What the task asks
In the entries below, find the line with "11月23日 Narita~Istanbul~Rome 12月2.3日MaltaIstanbul~Narita:航空券" and the line with "오늘 오전 7시 반쯤"; reproduce those two lines and all lines between them exactly, without pictures.

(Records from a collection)

* * * *

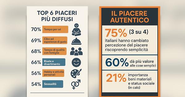 MILANO - Gli italiani riconoscono il piacere autentico nelle piccole cose, semplici e accessibili, e non ad esempio nel lusso o nella popolarità tra amici e social media: è quanto emerge dalla ricerca condotta da AstraRicerche per Imperial Brands, azienda globale di beni di consumo, in occasione del lancio del nuovo prodotto PULZE 3.0, il nuovo dispositivo a tabacco riscaldato. Dalla ricerca emerge come la percezione del piacere cambi nel tempo: quasi 3 italiani su 4 dichiarano di aver modificato nel corso della vita la propria percezione di "piacere autentico". A guidare questo cambiamento è soprattutto una riscoperta della semplicità: il 60% degli intervistati afferma di aver imparato a dare più valore alle cose semplici, una tendenza che cresce con l'età. Parallelamente, si riduce l'importanza attribuita ai beni materiali o allo status sociale (21%). Un'evoluzione che sembra riflettere un percorso di maturazione personale, spesso anche innescato da esperienze di vita significative (36%) - in particolare tra le donne della Generazione X e dei Baby Boomers - e da una maggiore consapevolezza di sé e dei propri bisogni reali (35%). Le influenze esterne, come quelle provenienti da amici, familiari (13%) o dalla società (7%), giocano un ruolo più marginale, anche se risultano più incisive nella Gen Z. Si evidenzia una netta differenza tra donne e uomini nel modo in cui vivono il piacere. Le donne si dimostrano più orientate verso una dimensione relazionale ed emotiva: per loro il piacere autentico si manifesta soprattutto nei momenti di qualità con le persone care (68%) e nella cura di sé e del proprio benessere emotivo (70%). Sono anche più propense a considerare il piacere come uno strumento di benessere mentale: il 90% delle donne lo ritiene utile per ridurre lo stress e l'89% lo associa a un modo per essere più autenticamente sé stesse. Gli uomini, invece, mostrano una maggiore attenzione alla realizzazione personale e professionale: la gratificazione derivante dal successo lavorativo è più diffusa tra loro (36%), così come la ricerca di piaceri più individuali e legati allo status. Su un campione di 1.025 individui, rappresentativi della popolazione generale italiana tra 18 e 70 anni in termini di sesso, età e area geografica, tra le attività più piacevoli il 70% degli intervistati segnala il tempo per sé (ad esempio lettura, musica, leggera attività fisica) e il relax e l'attività all'aria aperta. Seguono a ruota con variazioni minime il cibo e le esperienze di gusto (69%); il tempo di qualità passato con famiglia o persone care (68%); le risate e il divertimento (66%); la pratica di un hobby o di un'attività personale (56%); la sessualità (54%). Ma se i piaceri legati alle emozioni, al benessere emotivo e alle relazioni coinvolgono la maggioranza della popolazione, i piaceri basati su status, consumo o popolarità interessano solo una minoranza, segno che per molti, la felicità non si trova nel prestigio o nell'apparenza, ma nell'autenticità. Notevole, infatti, lo scarto con i piaceri più "superficiali", che si posizionano in fondo alla classifica: la realizzazione professionale e ricoprire posizioni di prestigio (36%), viaggi ed esperienze costose (32%), l'acquisto di beni cari o di lusso (22%), la popolarità tra amici (21%) e sui social media (10%). È evidente una svolta valoriale: per la maggior parte degli italiani, il piacere autentico non è un'esibizione, ma un'esperienza legata alle emozioni, alla connessione umana e alla semplicità. A guidare questa "cura del piacere" è innanzitutto il contatto con la natura: oltre la metà degli intervistati (56%) dichiara di dedicare regolarmente tempo all'aria aperta, considerandola una fonte primaria di benessere emotivo. Seguono la vicinanza alle persone care (48%) e la scelta di circondarsi di chi fa stare bene. Molti italiani (46%) dichiarano anche di organizzare attivamente momenti piacevoli, che siano legati a hobby, relax o attività da vivere da soli (39%) o con la famiglia (36%). Importante anche il bisogno di rallentare: il 39% cerca di fare pause e ridurre i ritmi, mentre un italiano su tre coltiva la gratitudine per le piccole cose. Altri scelgono di disconnettersi dalla tecnologia (23%) per ritrovare presenza e consapevolezza. In fondo alla lista, ancora una volta, si trovano le strategie centrate sul possesso: appena il 15% cerca il piacere tramite lo shopping. - foto ufficio stampa Noesis - . fsc/sat/com 17-Set-25 12:05
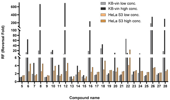 Collateral sensitivity of all the compounds was determined based on the anti-proliferative effects of both HeLa and KBvin cells under co-treatment with paclitaxel and the compounds. Reversal fold (RF), representing re-sensitizing activity, was defined as the IC50 value for the paclitaxel-only group divided by the IC50 value of the co-treatment. The results are shown in Table 3. Reversal folds among all derivatives are organized in Figure 3. It can be seen that the most potent compounds are 8, 12 and 26 with RF values of 666, 692, and 348, respectively.
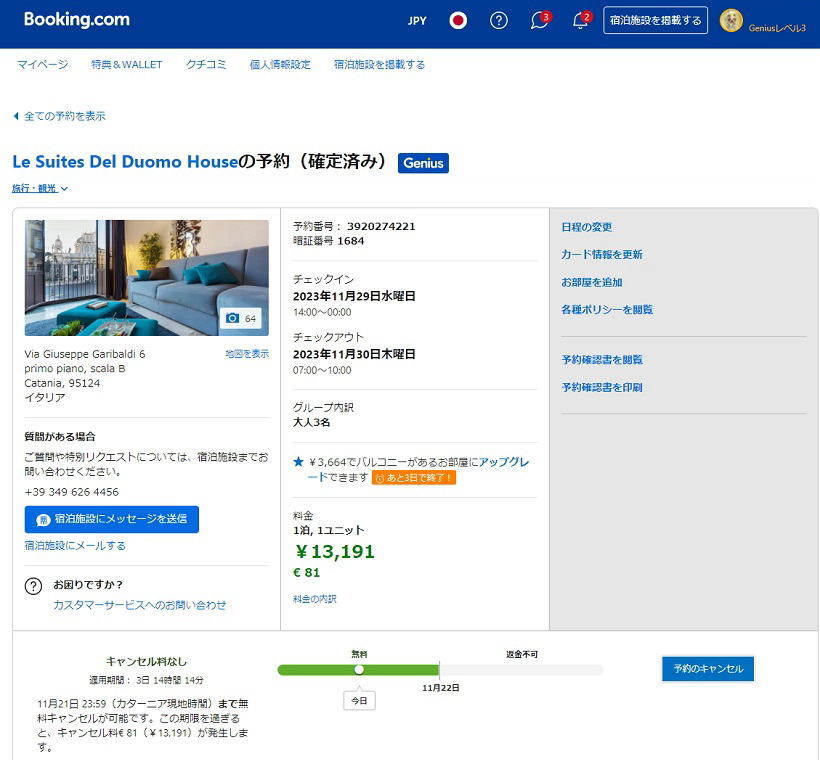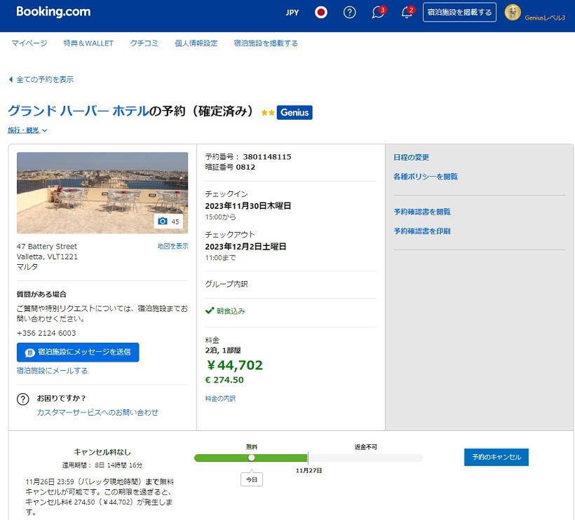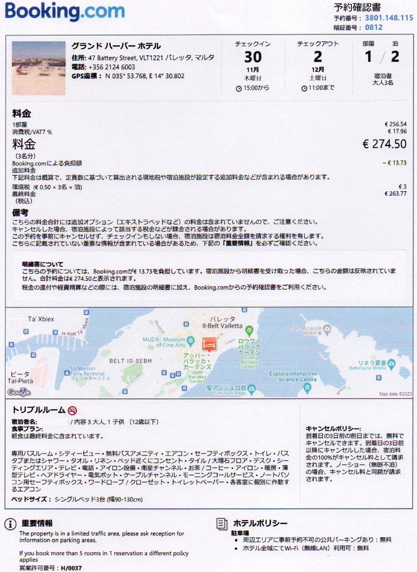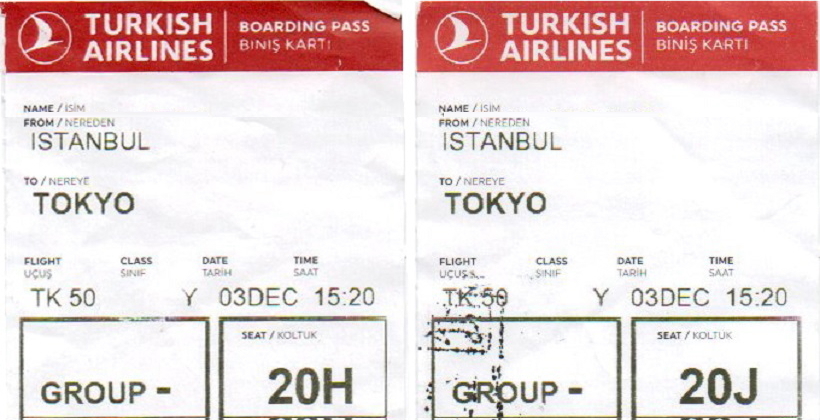11月23日 Narita~Istanbul~Rome 12月2.3日MaltaIstanbul~Narita:航空券 |
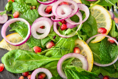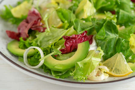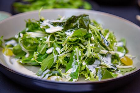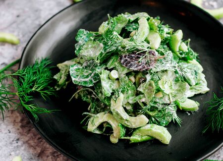 Close up shot of healthy green salad. Vegetarian food.
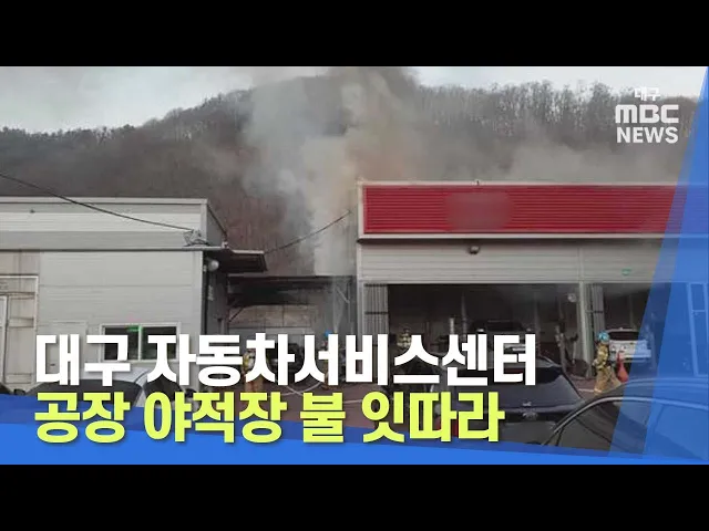 오늘 오전 7시 반쯤 대구시 수성구 상동의 한 자동차 서비스센터 건물에서 불이 나 1시간 만에 꺼졌습니다.인명피해는 없지만 소방서 추산 천300만 원의 재산피해가 났 습니다.오늘 오전 8시 10분쯤에는 대구시 달성군 현풍읍의 한 공장 야적장에서 불이 나 4시간만에 꺼졌습니다.인명피해는 없었고 소방서 추산 260만 원의...
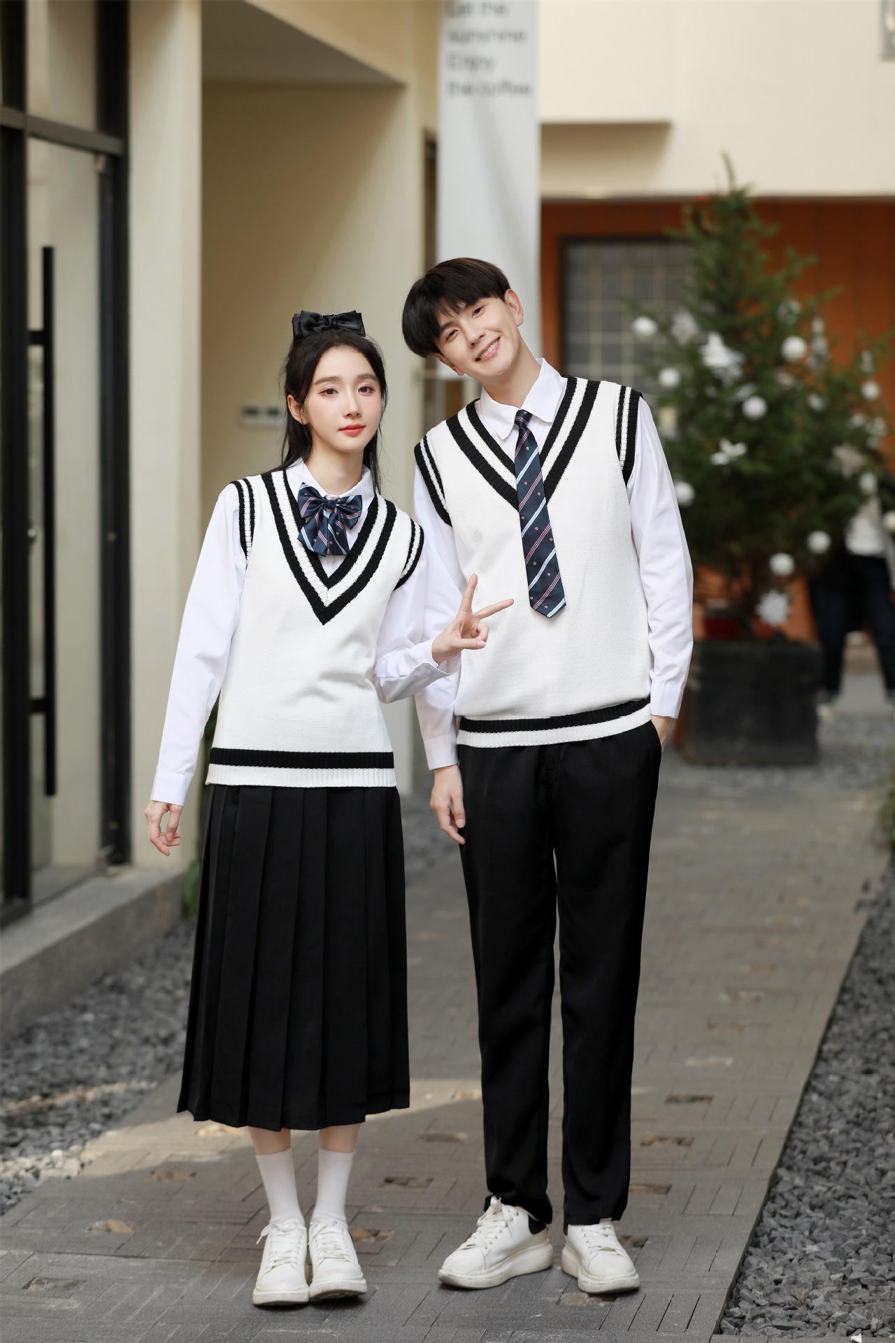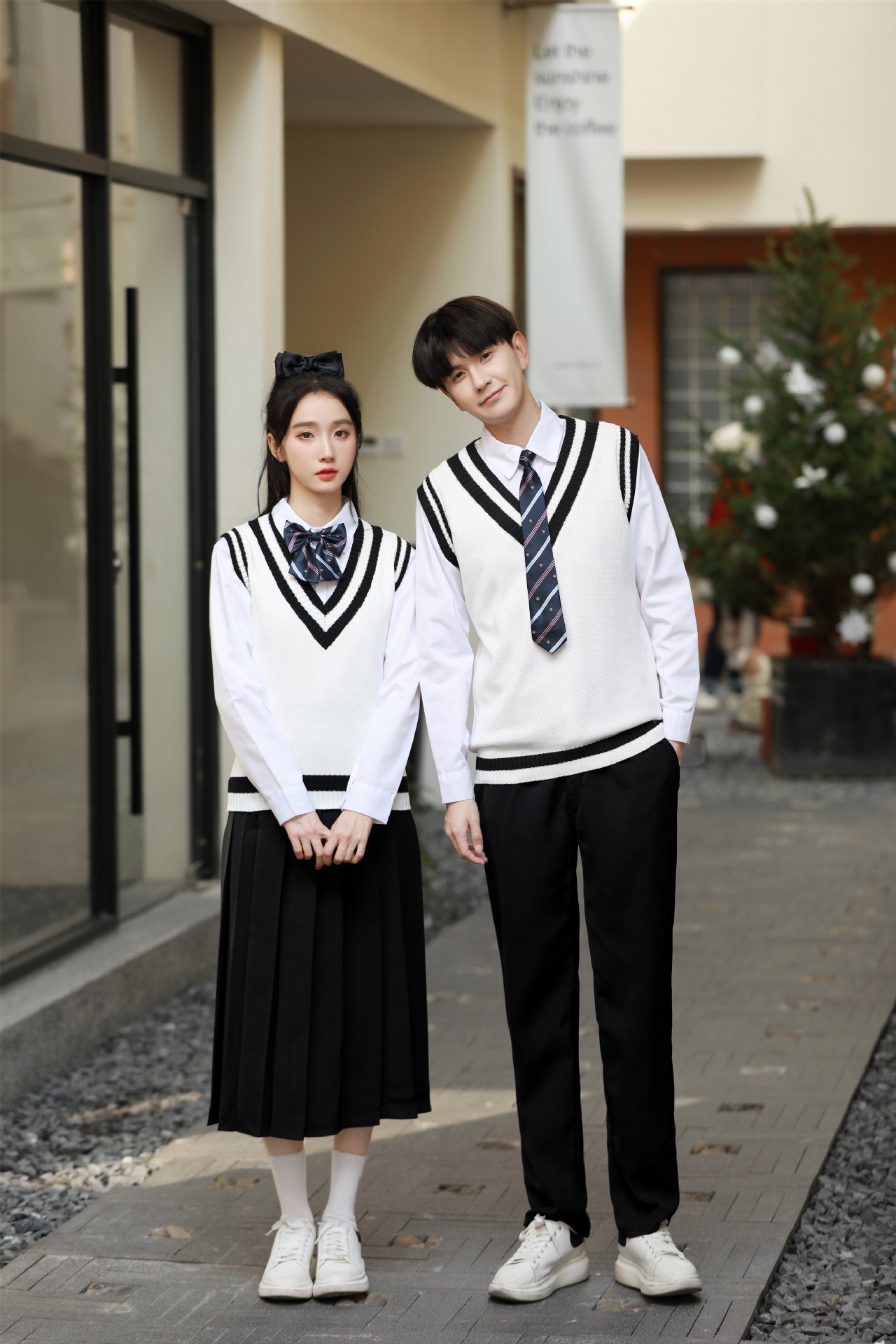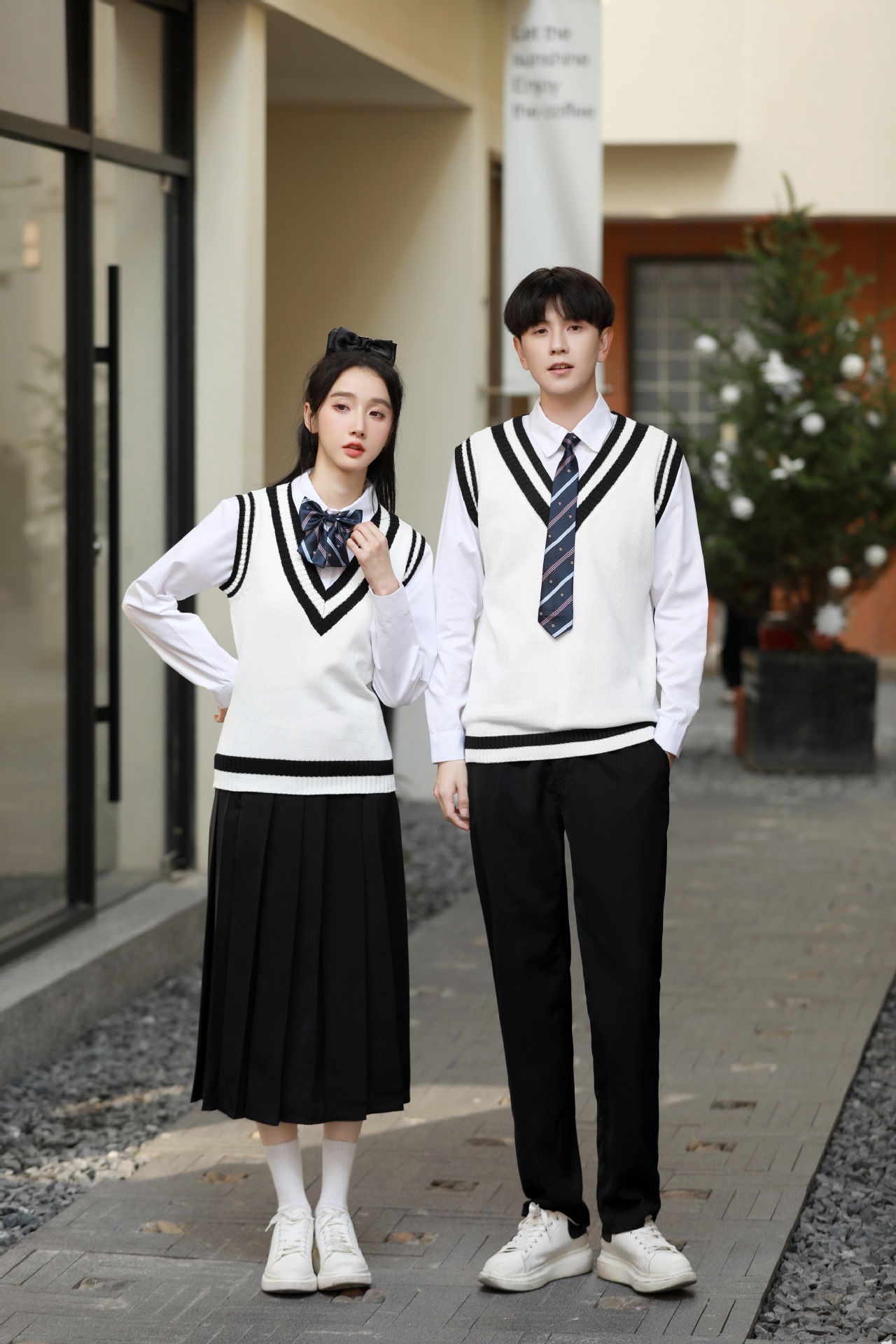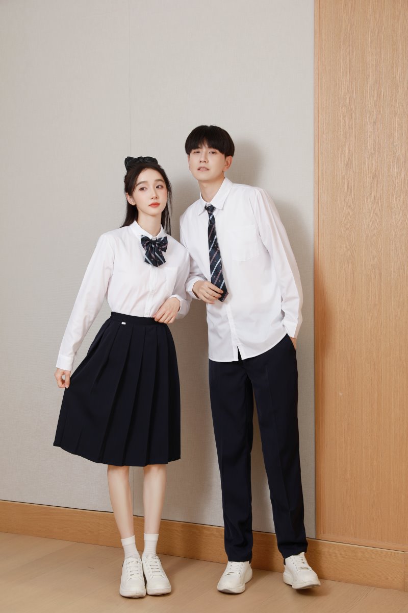 Женский белый длинный рукав + черная юбка + белый жилет + синий галстук-бабочка с короной; Женский белый длинный рукав + черное длинное платье + белый жилет + синий галстук с короной; Мужской белый длинный рукав + черные брюки + белый жилет + синий галстук с короной; Женская белая с длинным рукавом + темно-синяя юбка + корона-синий галстук-бабочка; Женщин белый длинный рукав + юбка среднего Плиссированные длинные юбки + Корона синий галстук-бабочка; Мужской белый длинный рукав + темно-синие брюки + Корона синий галстук; Белый жилет (одинаковый для мужчин и женщин)

* * * *

Exercise solution
11月23日 Narita~Istanbul~Rome 12月2.3日MaltaIstanbul~Narita:航空券 |
 Close up shot of healthy green salad. Vegetarian food.
 오늘 오전 7시 반쯤 대구시 수성구 상동의 한 자동차 서비스센터 건물에서 불이 나 1시간 만에 꺼졌습니다.인명피해는 없지만 소방서 추산 천300만 원의 재산피해가 났 습니다.오늘 오전 8시 10분쯤에는 대구시 달성군 현풍읍의 한 공장 야적장에서 불이 나 4시간만에 꺼졌습니다.인명피해는 없었고 소방서 추산 260만 원의...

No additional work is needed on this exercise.